• **Data**:

____

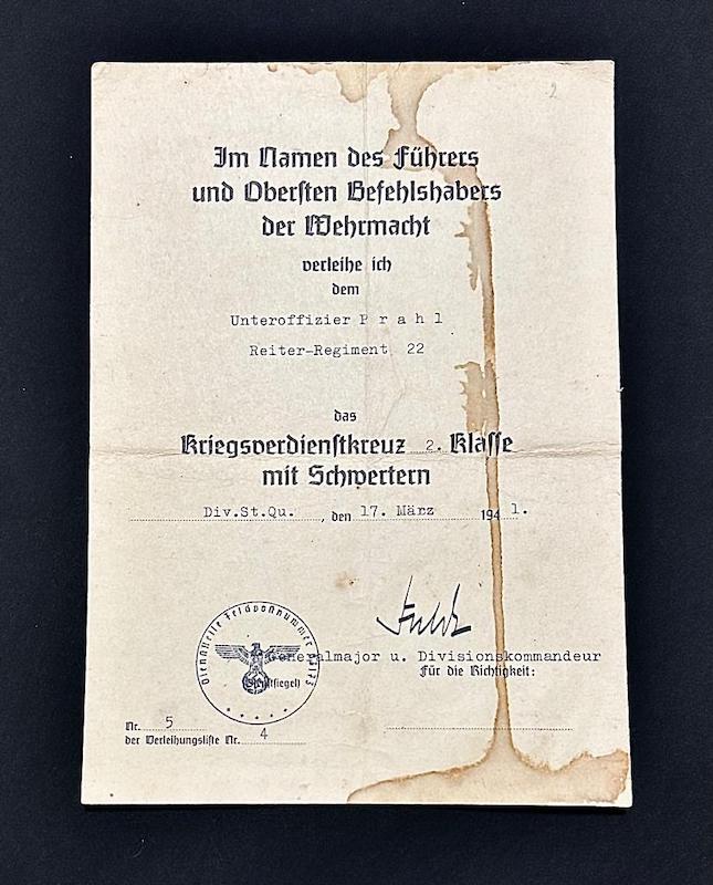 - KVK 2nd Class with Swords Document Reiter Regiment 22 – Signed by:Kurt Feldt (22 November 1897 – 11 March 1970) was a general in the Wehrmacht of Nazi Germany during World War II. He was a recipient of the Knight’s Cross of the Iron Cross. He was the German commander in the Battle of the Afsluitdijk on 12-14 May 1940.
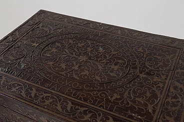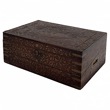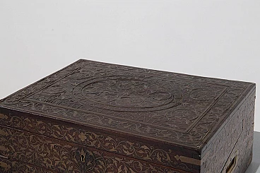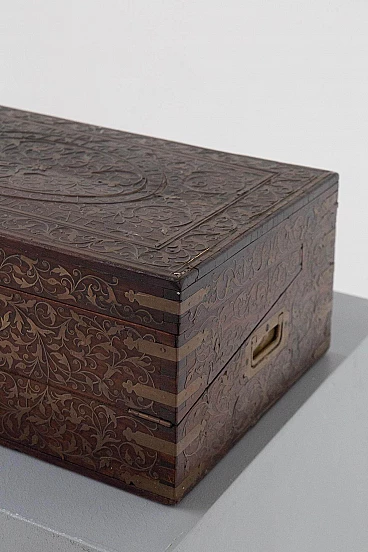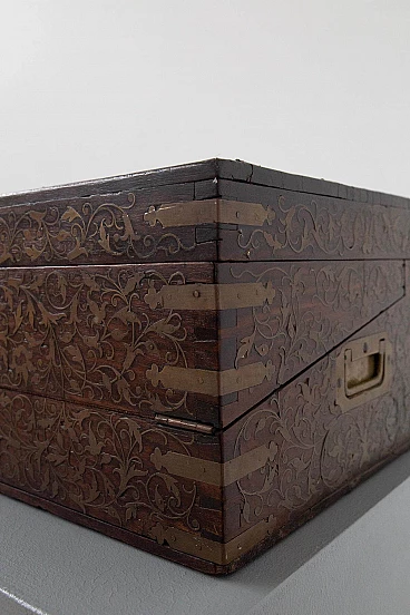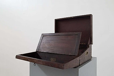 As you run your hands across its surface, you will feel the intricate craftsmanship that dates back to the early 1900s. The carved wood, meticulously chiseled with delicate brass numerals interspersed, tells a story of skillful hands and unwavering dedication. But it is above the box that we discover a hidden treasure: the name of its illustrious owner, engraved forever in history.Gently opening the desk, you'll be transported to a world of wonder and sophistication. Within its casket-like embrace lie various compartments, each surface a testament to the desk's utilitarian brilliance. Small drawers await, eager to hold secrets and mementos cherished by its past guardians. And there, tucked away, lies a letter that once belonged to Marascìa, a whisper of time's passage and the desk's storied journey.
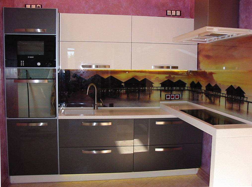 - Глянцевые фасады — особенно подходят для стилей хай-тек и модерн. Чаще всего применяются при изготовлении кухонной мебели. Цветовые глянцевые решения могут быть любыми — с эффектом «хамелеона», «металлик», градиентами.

____

Once the pictures are set aside, repeat the data above exactly.

• **Answer to the problem**:
 - KVK 2nd Class with Swords Document Reiter Regiment 22 – Signed by:Kurt Feldt (22 November 1897 – 11 March 1970) was a general in the Wehrmacht of Nazi Germany during World War II. He was a recipient of the Knight’s Cross of the Iron Cross. He was the German commander in the Battle of the Afsluitdijk on 12-14 May 1940.
 As you run your hands across its surface, you will feel the intricate craftsmanship that dates back to the early 1900s. The carved wood, meticulously chiseled with delicate brass numerals interspersed, tells a story of skillful hands and unwavering dedication. But it is above the box that we discover a hidden treasure: the name of its illustrious owner, engraved forever in history.Gently opening the desk, you'll be transported to a world of wonder and sophistication. Within its casket-like embrace lie various compartments, each surface a testament to the desk's utilitarian brilliance. Small drawers await, eager to hold secrets and mementos cherished by its past guardians. And there, tucked away, lies a letter that once belonged to Marascìa, a whisper of time's passage and the desk's storied journey.
 - Глянцевые фасады — особенно подходят для стилей хай-тек и модерн. Чаще всего применяются при изготовлении кухонной мебели. Цветовые глянцевые решения могут быть любыми — с эффектом «хамелеона», «металлик», градиентами.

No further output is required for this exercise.